The research – by professor of tumour biology John Marshall and his team at Queen Mary University of London – has used part of the protein coat of the foot-and-mouth disease (FMD) virus combined with a powerful toxin to locate and destroy pancreatic duct adenocarcinoma cells.
Trials of the combination drug on human pancreatic cancer cells in vitro and in a laboratory rodent model of the human disease have produced promising results, reported in the journal Theranostics.
Pancreatic cancer is the fourth most common form of fatal cancer in western society and its incidence is increasing.

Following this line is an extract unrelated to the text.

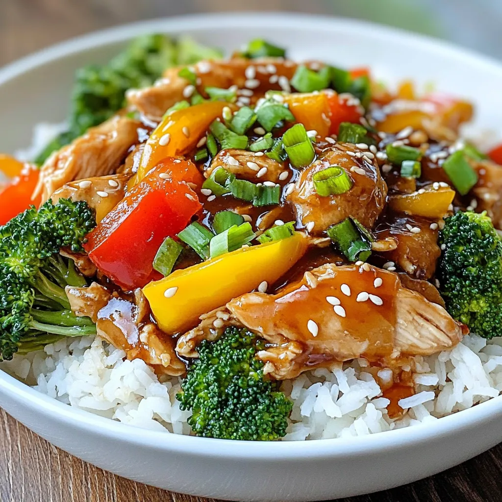 - 1 pound boneless, skinless chicken thighs or breasts - 1 cup teriyaki sauce (store-bought or homemade) - 1 tablespoon fresh ginger, grated - 3 cloves garlic, minced - 1 cup broccoli florets - 1 cup bell peppers, sliced (red, yellow, or both) - 1 tablespoon sesame oil - 2 green onions, chopped (for garnish) - Sesame seeds (for garnish) - Steamed rice or quinoa (for serving) Gather these ingredients for a quick and easy meal. The chicken gives you a great base. The teriyaki sauce adds a sweet and salty flavor. Ginger and garlic bring warmth to the dish. The broccoli and bell peppers add color and crunch. For garnishes, sesame oil adds richness. Green onions give a fresh taste. Sesame seeds are fun and add a bit of crunch. Serve it all over warm rice or quinoa for a complete meal. This mix of ingredients makes the dish simple yet packed with flavor. {{ingredient_image_1}} Start by placing the boneless chicken thighs or breasts in your slow cooker. This is the base of your teriyaki chicken. Make sure to spread them out so they cook evenly. Next, pour the teriyaki sauce over the chicken. This sauce is sweet and savory, coating the chicken well. Then, sprinkle the grated ginger and minced garlic on top for extra flavor. These aromatics bring warmth and depth to the dish. Now, it’s time to mix in the vegetables. Add the broccoli florets and sliced bell peppers around the chicken. This adds color and nutrition to your meal. Make sure the veggies are distributed evenly for the best taste. Then, drizzle the sesame oil on top. This gives a rich flavor that pairs perfectly with the teriyaki sauce. Cover your slow cooker and set it to cook. You can choose low for 4 hours or high for 2 hours. The chicken will become tender and soak up all the tasty sauce. Once the chicken is cooked, use two forks to shred it right in the sauce. It should fall apart easily. Serve the teriyaki chicken and vegetables over a bed of steamed rice or quinoa. For the final touch, top with chopped green onions and a sprinkle of sesame seeds. This adds crunch and freshness to your dish. Enjoy your easy and flavorful meal! To ensure even cooking, spread the chicken in a single layer. This helps all pieces heat up the same way. When using a slow cooker, I recommend cooking on low for 4 hours. If you’re in a rush, use high for 2 hours. Always check that the chicken reaches 165°F before serving. You can make teriyaki sauce at home if you want a fresh taste. Mix soy sauce, brown sugar, ginger, and garlic. For veggies, feel free to swap broccoli and bell peppers. Snap peas, carrots, or zucchini work well too. You can also use chicken breast if you prefer a leaner protein. Want more flavor? Try adding a pinch of red pepper flakes for heat. A splash of rice vinegar can add a nice zing. If you love sesame flavor, toss in some sesame seeds while cooking. You can also drizzle more sesame oil before serving for extra richness. Pro Tips Use Fresh Ingredients: Using fresh ginger and garlic will enhance the flavor of your teriyaki chicken, making it more aromatic and delicious. Customize Your Vegetables: Feel free to mix and match your favorite vegetables such as snap peas, carrots, or zucchini for added color and nutrition. Let it Rest: After shredding the chicken, let it sit in the sauce for a few minutes before serving to absorb more flavor. Meal Prep Friendly: This recipe is perfect for meal prepping. Just double the ingredients and portion them out for easy lunches throughout the week. {{image_2}} To make teriyaki chicken in an Instant Pot, you need to adjust the cooking time. Start by placing the chicken in the pot. Pour the teriyaki sauce over the chicken. Add the ginger and garlic. Mix in the broccoli and bell peppers. Drizzle the sesame oil on top. Set the Instant Pot to cook for 10 minutes on high pressure. Once it is done, let it release pressure naturally for 5 minutes. Then, do a quick release. Shred the chicken and serve it over rice or quinoa. This method cuts down cooking time while keeping the flavors rich. If you want a low-carb meal, swap steamed rice with cauliflower rice. Cauliflower rice is easy to make. Just pulse cauliflower florets in a food processor until they look like rice. Sauté it in a pan for a few minutes until tender. Then, serve the teriyaki chicken on top. This option is healthy and still very tasty. For a gluten-free version, look for gluten-free teriyaki sauce. Many brands offer gluten-free options. You can also make your own sauce. Mix soy sauce, honey, ginger, and garlic. This way, you control the ingredients. Serve the chicken with gluten-free rice or quinoa. Enjoy the flavors without worrying about gluten. To keep your teriyaki chicken fresh, follow these steps: - Cool it first: Let the chicken cool at room temperature for about 30 minutes. - Use airtight containers: Store the chicken in airtight containers. This prevents moisture loss. - Refrigerate: Place the containers in the fridge. It helps keep the chicken safe to eat. When you want to enjoy your leftovers, here’s how to reheat: - Microwave: Place the chicken in a microwave-safe dish. Cover it with a damp paper towel. Heat for 1-2 minutes. Stir halfway for even warmth. - Stovetop: Heat in a pan over low heat. Add a splash of water or sauce to keep it moist. Stir often to prevent sticking. The teriyaki chicken stays fresh for: - In the fridge: About 3-4 days. - In the freezer: Up to 3 months. Label your containers with the date. This helps you keep track of freshness. Yes, you can use frozen chicken. Just add a bit more time to cook. If you use frozen chicken, it’s best to cook on high for about 3-4 hours. This helps the chicken cook through safely. Make sure the chicken reaches 165°F for safe eating. To make it less spicy, skip the fresh ginger. You can also use less teriyaki sauce to lower the heat. Adding more veggies like bell peppers can help balance the flavor. You might try a sweet teriyaki sauce if you like it mild and sweet.

Prof Marshall’s research focuses on integrins – a family of cell surface receptors with a critical role in many different cellular functions, such as growth and adhesion.
Due to this fundamental role in mammalian physiology, the protein structure is highly conserved, with only minor variations in the amino acid sequence of different species, such as humans, rodents and cattle.
Prof Marshall became interested in the foot-and-mouth virus a decade ago, when working with Terry Jackson, a virologist at the Institute of Animal Health’s Pirbright laboratory.
Dr Jackson had identified the specific protein marker on the surface of the bovine tongue that enables the virus to enter the host’s cells.
Prof Marshall said: “We realised we were both looking at the same integrin, known as αvβ6.
“So I got one of my PhD students to chop up the proteins on the virus cell coat to find which particular sequence was important in allowing the virus to bind to the host integrin molecule.”
Prof Marshall’s team identified a sequence of 20 amino acids that was the key section. Surprisingly, the team found it contained not just one, but two, separate binding sites.